Investimento é chave para aumento das vendas de petróleo venezuelano, alerta Alckmin

Vice-presidente destaca que crescimento depende de aportes e não será imediato

Investimento é chave para aumento das vendas de petróleo venezuelano, alerta Alckmin
Navio petroleiro atracado em porto, simbolizando o comércio de petróleo na América do Sul. Foto: Adriano Machado

Geraldo Alckmin alerta que o aumento nas vendas de petróleo pela Venezuela depende de investimentos significativos e não ocorre de forma imediata.

A perspectiva de aumento nas vendas de petróleo pela Venezuela, conforme destacado pelo vice-presidente e ministro do Desenvolvimento, Indústria, Comércio e Serviços, Geraldo Alckmin, enfrenta um desafio crucial: a necessidade de investimentos substanciais para viabilizar esse crescimento. Apesar das vastas reservas petrolíferas venezuelanas, o processo de expansão comercial não é imediato, demandando planejamento e aportes financeiros consideráveis.

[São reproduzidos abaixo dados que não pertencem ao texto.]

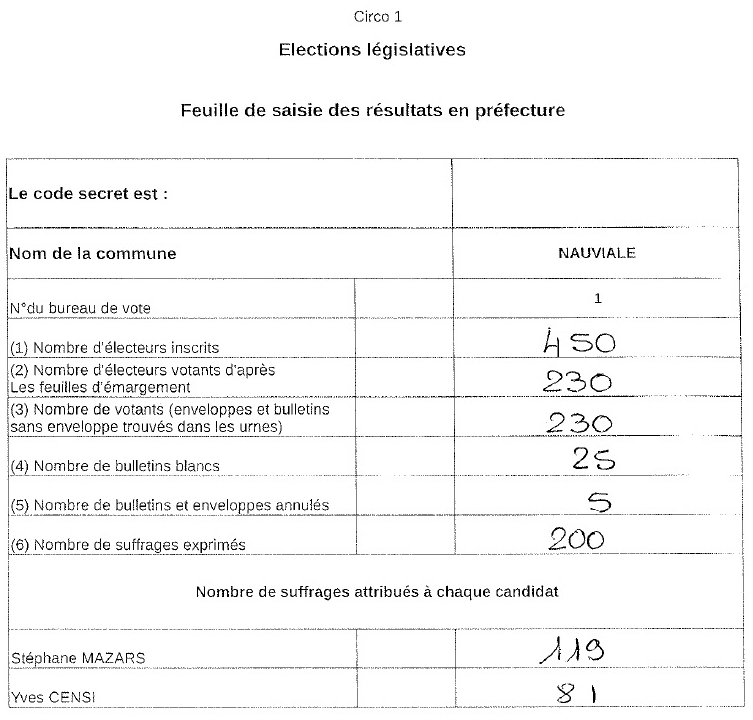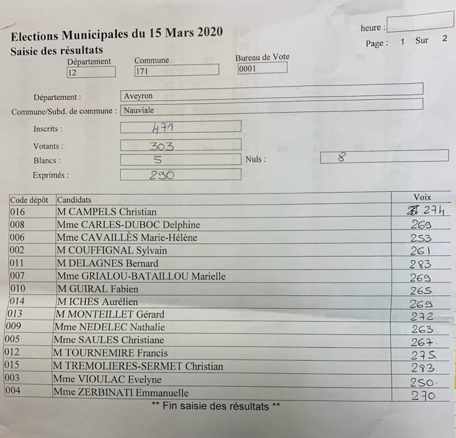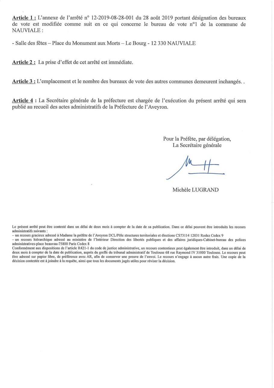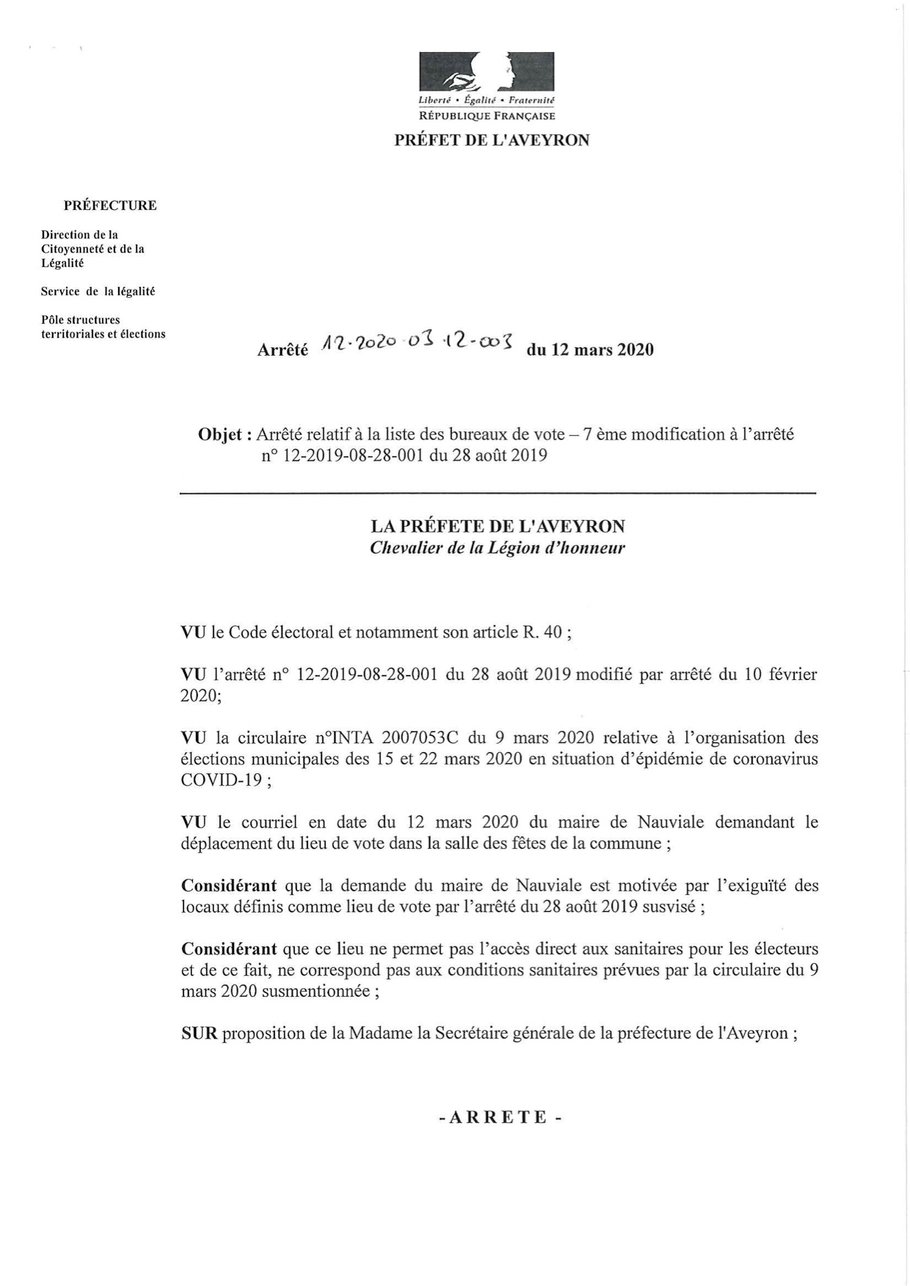 Afin de tenir compte de la dernière circulaire du ministère de l'intérieur précisant les modalités d'organisation des élections municipales avec l'épidémie de coronavirus covid-19, le bureau de vote de Nauviale a été délocalisé à la salle des fêtes à la place de la salle du conseil de la mairie.
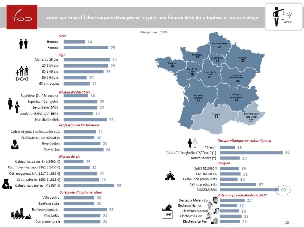 « Chez les moins de 25 ans, c’est la crainte de regards concupiscents et pour 51 % d’entre elles la peur de faire l’objet d’agressions. On peut parler d’un effet MeToo à la plage. » Le mouvement semble avoir apporté un désir de se protéger plutôt qu’une libération.
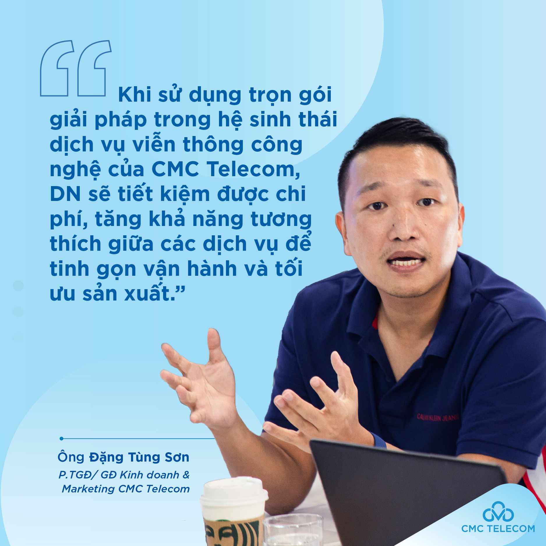 Đại diện CMC Telecom, ông Đặng Tùng Sơn - Phó Tổng giám đốc, Giám đốc Kinh doanh & Marketing chia sẻ: “Năng lực Work Transformation sẽ giúp chúng tôi gia tăng nhiều lợi ích hơn nữa cho khách hàng sử dụng Google Workspace. Bên cạnh đó, khi sử dụng trọn gói giải pháp trong hệ sinh thái dịch vụ viễn thông công nghệ của CMC Telecom, DN sẽ tiết kiệm được chi phí, tăng khả năng tương thích giữa các dịch vụ để tinh gọn vận hành và tối ưu sản xuất.”
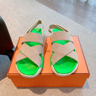 HM ELECTRIC SANDAL PARAKEET AND KHAKI CALFSKIN
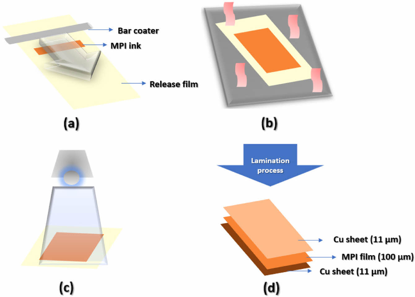 Schematic of MPI film manufacturing process: (a) coating on release film; (b) drying at 80 ℃; (c) UV treatment; (d) lamination process.
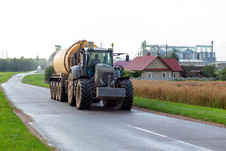 A tractor with a modern fertilizer trailer riding on the country road along the field on a summer day.

Cenário do petróleo na Venezuela e na América do Sul

A Venezuela detém uma das maiores reservas de petróleo do mundo, mas fatores como a infraestrutura envelhecida e a necessidade de modernização complexificam a elevação rápida da produção e exportação. Alckmin ressaltou que, mesmo com eventual intervenção dos Estados Unidos no país, o aumento nas vendas dependerá de investimentos e não pode ser realizado “em 24 horas”. Isso indica que o potencial geológico, embora promissor, só se traduzirá em ganhos concretos após um período de reestruturação e aporte financeiro.

Além disso, a Venezuela representa atualmente cerca de 2% do Produto Interno Bruto (PIB) da América do Sul, um percentual modesto que reflete sua participação limitada no comércio exterior regional. Essa situação destaca o foco do Brasil em outras frentes comerciais e a necessidade de diversificação do comércio na região.

Crescimento das exportações brasileiras de petróleo

Enquanto a Venezuela enfrenta desafios para ampliar sua produção, o Brasil projeta um cenário mais otimista para 2026. As exportações brasileiras de petróleo devem crescer, impulsionadas pela exploração do pré-sal, camada de reservas petrolíferas que tem se consolidado como fonte estratégica para o país.

Esse crescimento é crucial para o fortalecimento da balança comercial brasileira e para o posicionamento do país no mercado internacional de energia. O pré-sal oferece vantagens competitivas, como maior volume e qualidade do petróleo, que podem atrair investimentos e ampliar a participação do Brasil nas exportações globais.

Destaques das relações comerciais e econômicas

Além do setor petrolífero, Alckmin comentou outros aspectos do comércio exterior brasileiro:

Exportações para a União Europeia: Registraram crescimento de 3,2% em 2025, sinalizando uma recuperação e expansão dos mercados tradicionais para os produtos brasileiros.
Exportações para a China: Apresentaram um aumento de 6% no mesmo período, reforçando a relevância do mercado asiático para a economia nacional.
Acordo Mercosul–UE: Está bem encaminhado e gera otimismo quanto ao fortalecimento das relações comerciais entre os blocos, o que pode ampliar o acesso a mercados e reduzir barreiras.

Serviço e Segurança na cadeia comercial

Para investidores e agentes do setor, é fundamental considerar os seguintes aspectos:

Investimentos em infraestrutura: Essenciais para viabilizar o aumento da produção e exportação, especialmente em países com desafios logísticos.
Acompanhamento político: Mudanças e intervenções políticas, como as mencionadas nos EUA e Venezuela, podem impactar prazos e estratégias.
Diversificação de mercados: A busca por novos parceiros comerciais é estratégica para reduzir riscos e ampliar oportunidades.

  • Monitoramento das reservas: Entender a capacidade produtiva real ajuda a definir metas e expectativas comerciais.

Com a temporada econômica de 2026 em andamento, o Brasil se posiciona para fortalecer sua presença no mercado petrolífero internacional, enquanto acompanha com cautela as movimentações na Venezuela, que dependem de investimentos para concretizar seu potencial.